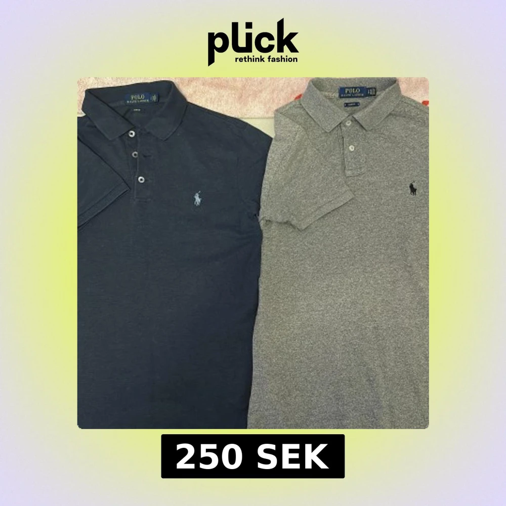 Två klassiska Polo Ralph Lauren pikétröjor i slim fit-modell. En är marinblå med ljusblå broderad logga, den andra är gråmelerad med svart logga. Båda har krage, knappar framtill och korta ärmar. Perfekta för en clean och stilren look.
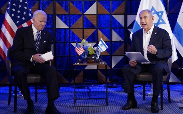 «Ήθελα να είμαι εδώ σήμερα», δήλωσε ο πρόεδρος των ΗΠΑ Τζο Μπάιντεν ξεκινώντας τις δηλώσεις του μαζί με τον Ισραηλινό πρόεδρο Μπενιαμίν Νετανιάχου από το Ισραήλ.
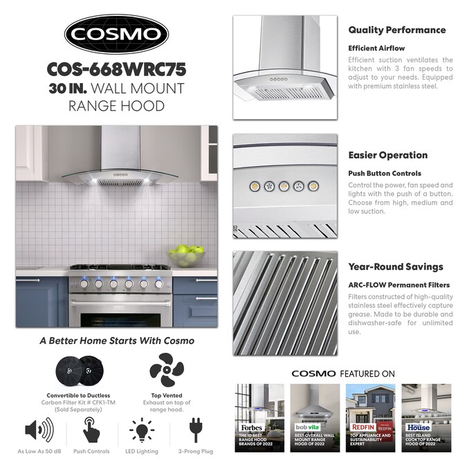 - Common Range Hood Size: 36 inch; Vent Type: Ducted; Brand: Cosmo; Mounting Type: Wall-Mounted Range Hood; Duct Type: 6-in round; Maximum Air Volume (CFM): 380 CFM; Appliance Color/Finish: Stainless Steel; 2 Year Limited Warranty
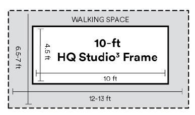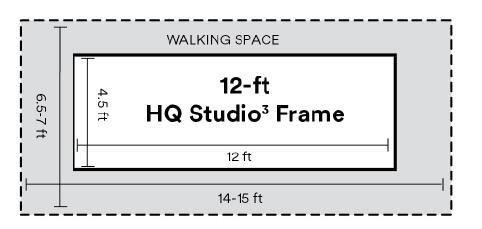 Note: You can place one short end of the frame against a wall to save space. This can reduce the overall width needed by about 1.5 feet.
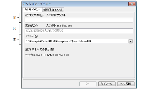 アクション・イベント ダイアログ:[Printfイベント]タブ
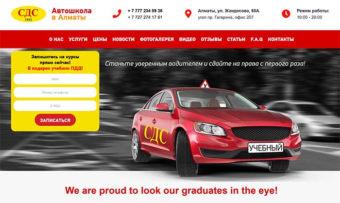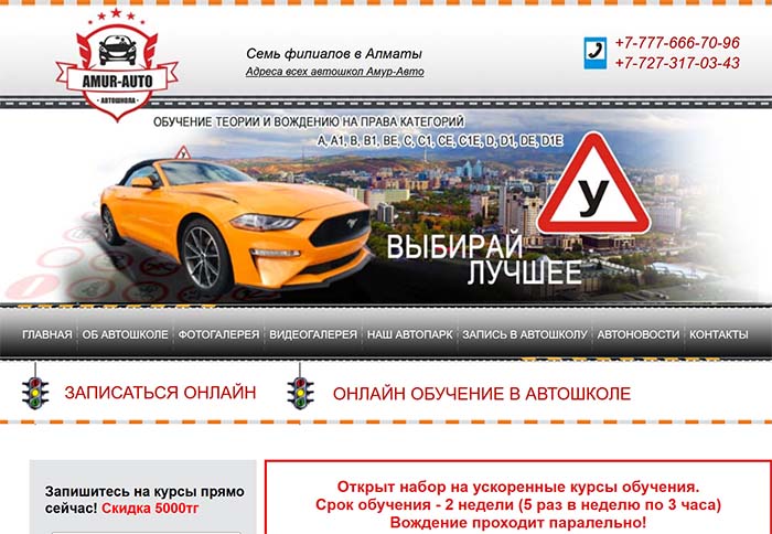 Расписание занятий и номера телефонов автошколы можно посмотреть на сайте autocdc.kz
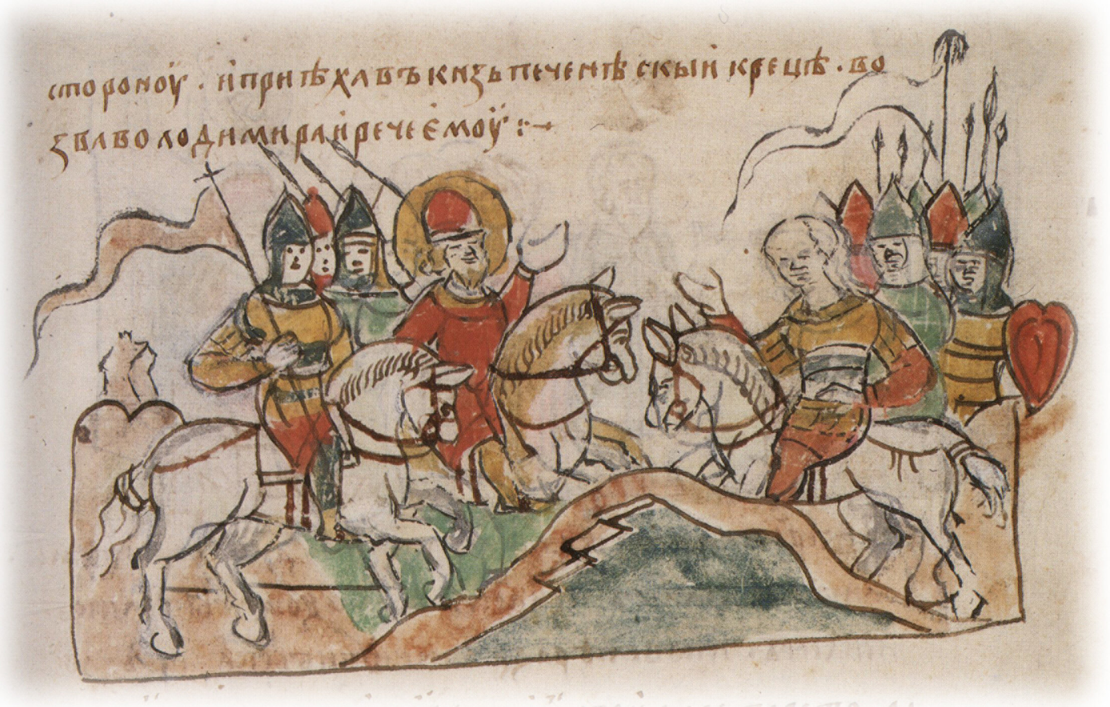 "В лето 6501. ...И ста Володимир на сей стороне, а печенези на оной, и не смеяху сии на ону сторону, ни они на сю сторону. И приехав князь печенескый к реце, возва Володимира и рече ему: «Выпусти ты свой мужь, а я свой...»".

- WHAT TO WORK ON
Copy the whole listing exactly, excluding the pictures in it.

- EXERCISE ANSWER
 Två klassiska Polo Ralph Lauren pikétröjor i slim fit-modell. En är marinblå med ljusblå broderad logga, den andra är gråmelerad med svart logga. Båda har krage, knappar framtill och korta ärmar. Perfekta för en clean och stilren look.
 «Ήθελα να είμαι εδώ σήμερα», δήλωσε ο πρόεδρος των ΗΠΑ Τζο Μπάιντεν ξεκινώντας τις δηλώσεις του μαζί με τον Ισραηλινό πρόεδρο Μπενιαμίν Νετανιάχου από το Ισραήλ.
 - Common Range Hood Size: 36 inch; Vent Type: Ducted; Brand: Cosmo; Mounting Type: Wall-Mounted Range Hood; Duct Type: 6-in round; Maximum Air Volume (CFM): 380 CFM; Appliance Color/Finish: Stainless Steel; 2 Year Limited Warranty
 Note: You can place one short end of the frame against a wall to save space. This can reduce the overall width needed by about 1.5 feet.
 アクション・イベント ダイアログ:[Printfイベント]タブ
 Расписание занятий и номера телефонов автошколы можно посмотреть на сайте autocdc.kz
 "В лето 6501. ...И ста Володимир на сей стороне, а печенези на оной, и не смеяху сии на ону сторону, ни они на сю сторону. И приехав князь печенескый к реце, возва Володимира и рече ему: «Выпусти ты свой мужь, а я свой...»".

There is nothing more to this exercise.